图5所示的循环性能图可以看出实施例1,2,4和对比例1,2的五种硬碳材料都显示出良好循环稳定性，其中实施例5所制备的硬碳材料具有最高的可逆比容量，在20mA/g的电流密度下循环50次后仍具有98.4%的高容量保持率。The cycle performance chart shown in Figure 5 shows that the five hard carbon materials of Examples 1, 2, 4 and Comparative Examples 1, 2 all show good cycle stability, among which the hard carbon material prepared in Example 5 has the highest The reversible specific capacity still has a high capacity retention rate of 98.4% after 50 cycles at a current density of 20mA/g.

图6所示的SEM图可以看出实施例4的硬碳材料显示出分层多孔结构，有利于钠离子的嵌入和脱出，其表面显示出较少的微孔，可减少不可逆容量的损失。The SEM image shown in Figure 6 shows that the hard carbon material of Example 4 exhibits a hierarchical porous structure, which is conducive to the insertion and extraction of sodium ions, and its surface exhibits fewer micropores, which can reduce irreversible capacity loss.

图7所示的HRTEM图可以看出实施例4的硬碳材料显示出典型的无定形结构并具有大量短程有序石墨层，其层间距为0.379 nm。From the HRTEM image shown in Figure 7, it can be seen that the hard carbon material of Example 4 shows a typical amorphous structure and has a large number of short-range ordered graphite layers, and the interlayer spacing is 0.379 nm.

如表1所示，通过对比实施例3,4,5可以看出，通过对硬碳材料进行热解温度的改变，材料随着温度的升高，可逆比容量呈现先增加后减少的趋势，1300℃为最佳的碳化温度；通过对比实施例1,2,4和对比例1,2可以看出，通过降低材料在热解过程中的升温速率，材料的首次库伦效率从67.5%提高至82.8%，初始比容量从242.6mAh/g提高至324.6mAh/g；通过降低碳化过程中的升温速率，降低材料的缺陷浓度，提高材料的层间距和石墨化程度，可以有效提高材料的首次库伦效率和可以比容量，改善材料的储钠性能。As shown in Table 1, by comparing Examples 3, 4, and 5, it can be seen that by changing the pyrolysis temperature of the hard carbon material, as the temperature of the material increases, the reversible specific capacity shows a trend of first increasing and then decreasing. 1300°C is the optimal carbonization temperature; by comparing Examples 1, 2, 4 and Comparative Examples 1, 2, it can be seen that by reducing the heating rate of the material during the pyrolysis process, the first Coulombic efficiency of the material is increased from 67.5% to 82.8%, the initial specific capacity increased from 242.6mAh/g to 324.6mAh/g; by reducing the temperature rise rate during the carbonization process, reducing the defect concentration of the material, increasing the layer spacing and graphitization degree of the material, the first Coulomb of the material can be effectively improved efficiency and specific capacity, improving the sodium storage performance of the material.

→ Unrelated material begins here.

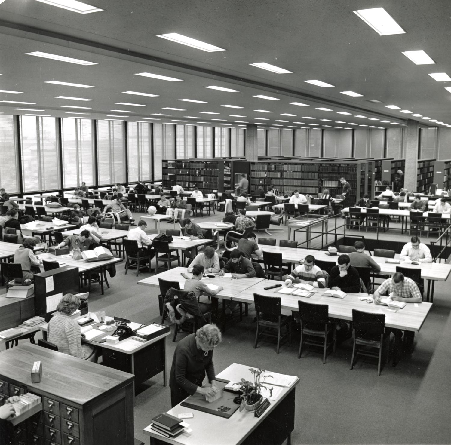 Photograph of students on the upper level of the recently opened John Crerar Library (now the Paul V. Galvin Library). Photographer unknown. Date of photograph unknown. Date range listed is approximate.

以上所述实施例1-9仅为本发明的较佳实施例，描述了本发明的基本原理和特征，本发明并不局限于上述的具体实施方式，凡在本发明所公示的方法之内所作的改进和优化等，均属于本发明的保护之内。The above-mentioned Embodiments 1-9 are only preferred embodiments of the present invention, describing the basic principles and characteristics of the present invention. The present invention is not limited to the above-mentioned specific implementations. All methods disclosed in the present invention are The improvements and optimizations made are within the protection of the present invention.

Claims (9)

1. The method for preparing the sodium ion battery carbon cathode material based on the waste wood chips is characterized by comprising the following steps:

step one: carrying out ultrasonic washing pretreatment on the waste wood chip biomass raw material to remove dust impurities on the surface, and drying to obtain a biomass precursor;

step two: transferring the treated biomass precursor into a muffle furnace to be pre-carbonized in the atmosphere of air, wherein the pre-carbonization heating rate is 1-20 ℃/min, the pyrolysis temperature is 200-400 ℃, and the heat preservation time is 1-5 hours; naturally cooling, placing in a pulverizer, pulverizing into powder to obtain a pre-carbonized product;

step three: transferring the pre-carbonized product into a high-temperature tube furnace for high-temperature carbonization under the protection of inert gas, wherein the heating rate of the high-temperature carbonization is 0.25 ℃/min, the pyrolysis temperature is 1300 ℃, the inert gas is one of nitrogen, argon, helium and hydrogen-argon mixed gas, and the hydrogen-argon mixed gas is 5% H ₂ +95% Ar, the incubation time is 2 hours; naturally cooling, grinding and sieving;

step four: and washing the treated hard carbon material with an acidic solution to remove metal heteroatoms, centrifugally washing with deionized water and ethanol to neutrality, and drying to obtain the hard carbon material.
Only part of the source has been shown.